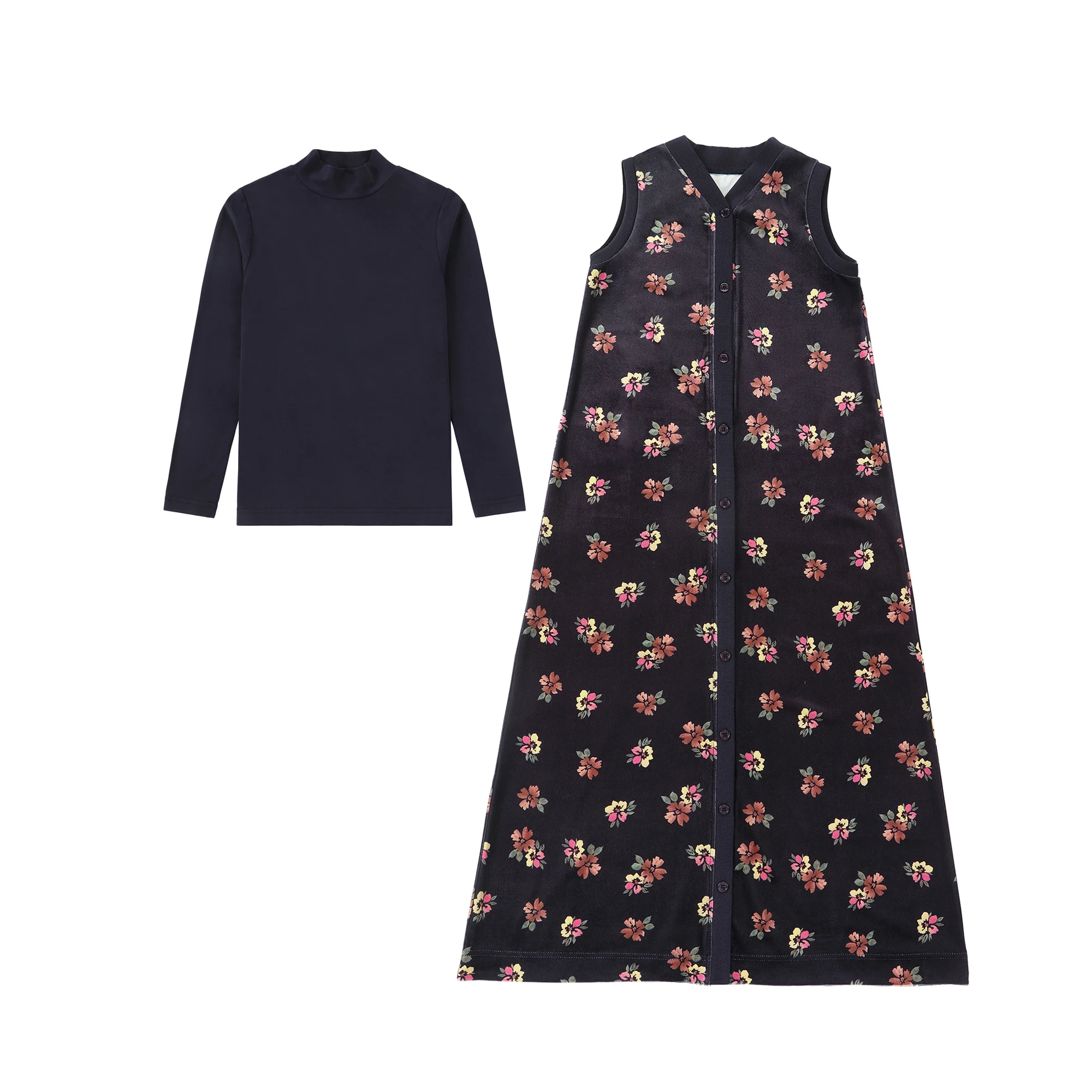 AS Teen Robes Floral Printing Velour Sleeveless Teen Maxi Dress and Modal Shirt Clothing Set
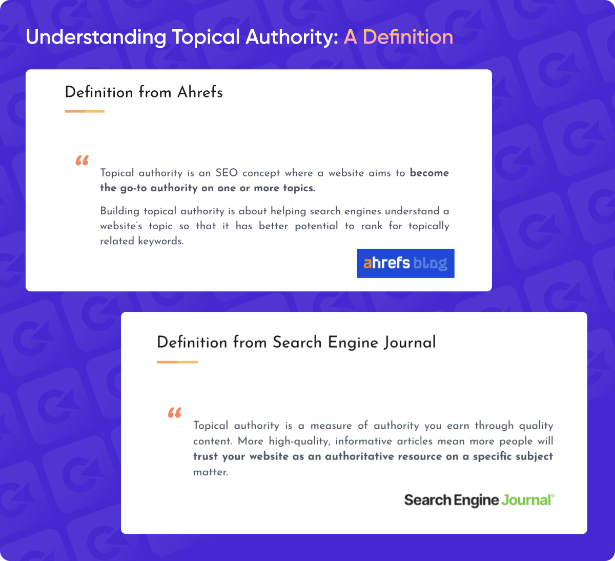 Then, Search Engine Journal suggests that building authority means becoming the authoritative resource on a specific subject, which aligns more closely with my own understanding of topical authority. Ahrefs defines it as becoming the go-to authority on one or more topics. And Neil Patel puts it very simply: your website should be the place to learn about a particular subject.
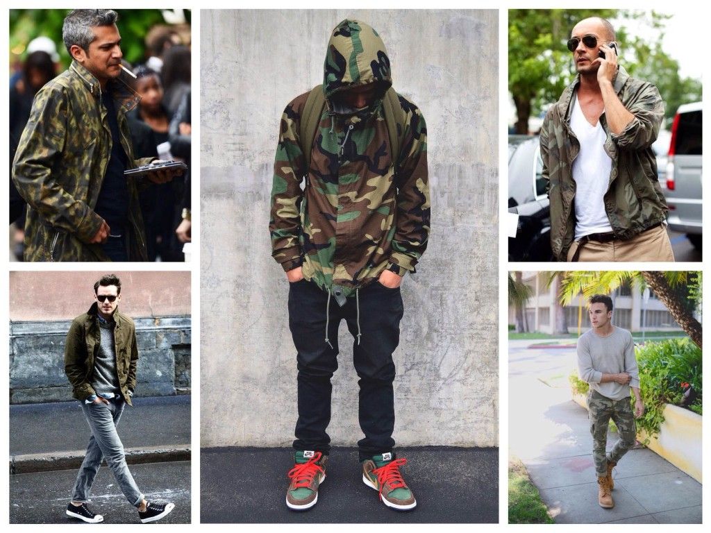 Однако военный образ с камуфляжной брюками одними только ботинками не ограничивается.
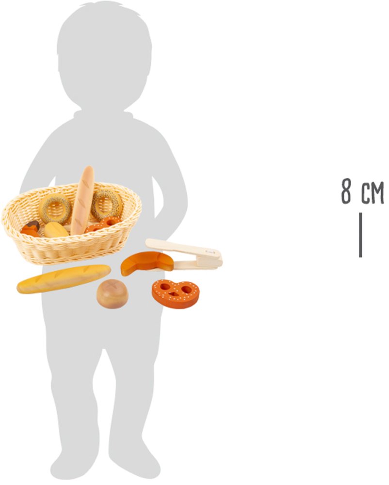 Croissanty, bajgle, precle, żytnie i pszenne rogaliki, bułka i dalamanek to niezbędny asortyment Twojego małego sklepiku. Drewniane pieczywo możesz zaoferować jako dodatek podczas gotowania w dziecięcej kuchni. Główne cechy: 10 sztuk pieczywa, pleciony koszyk i szczypcewspiera odgrywanie ról i umiejętności motoryczne
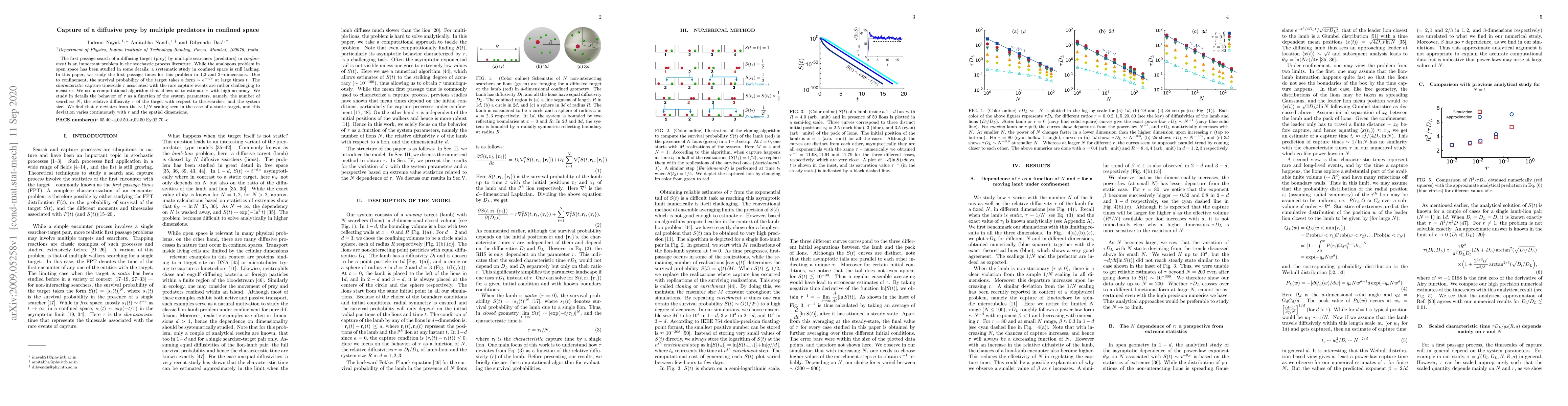 The first passage search of a diffusing target (prey) by multiple searchers (predators) in confinement is an important problem in the stochastic process literature. While the analogous problem in open space has been studied in some details, a systematic study in confined space is still lacking. In this paper, we study the first passage times for this problem in 1,2 and $3-$dimensions. Due to confinement, the survival probability of the target takes a form $\sim e^{-t/\tau}$ at large times $t$. The characteristic capture timescale $\tau$ associated with the rare capture events are rather challenging to measure. We use a computational algorithm that allows us to estimate $\tau$ with high accuracy. We study in details the behavior of $\tau$ as a function of the system parameters, namely, the number of searchers $N$, the relative diffusivity $r$ of the target with respect to the searcher, and the system size. We find that $\tau$ deviates from the $\sim 1/N$ scaling seen in the case of a static target, and this deviation varies continuously with $r$ and the spatial dimensions.
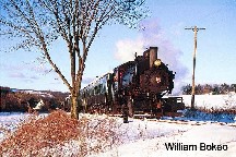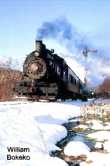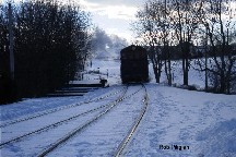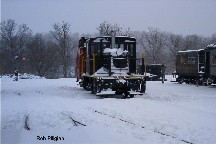 The 2003 Santa Trains afforded a rare opportunity to see WK&S steam trains running in snow. The morning of Saturday December 6th finds a snow covered L&NE caboose behind a motor car. Photo by Rob Piligian
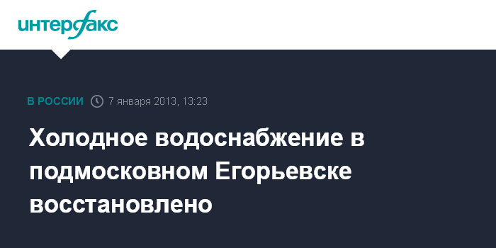 Москва. 7 января. INTERFAX.RU - Устранена авария, оставившая без холодной воды 2,5 тыс. жителей подмосковного Егорьевска.

• • • •

● DIRECTIONS FOR THIS TASK
The lines needed run from the first line of the records through the line containing "Croissanty, bajgle, precle, żytnie", both included. Restate them word for word, without pictures.

● OUTPUT OF THE TASK
 AS Teen Robes Floral Printing Velour Sleeveless Teen Maxi Dress and Modal Shirt Clothing Set
 Then, Search Engine Journal suggests that building authority means becoming the authoritative resource on a specific subject, which aligns more closely with my own understanding of topical authority. Ahrefs defines it as becoming the go-to authority on one or more topics. And Neil Patel puts it very simply: your website should be the place to learn about a particular subject.
 Однако военный образ с камуфляжной брюками одними только ботинками не ограничивается.
 Croissanty, bajgle, precle, żytnie i pszenne rogaliki, bułka i dalamanek to niezbędny asortyment Twojego małego sklepiku. Drewniane pieczywo możesz zaoferować jako dodatek podczas gotowania w dziecięcej kuchni. Główne cechy: 10 sztuk pieczywa, pleciony koszyk i szczypcewspiera odgrywanie ról i umiejętności motoryczne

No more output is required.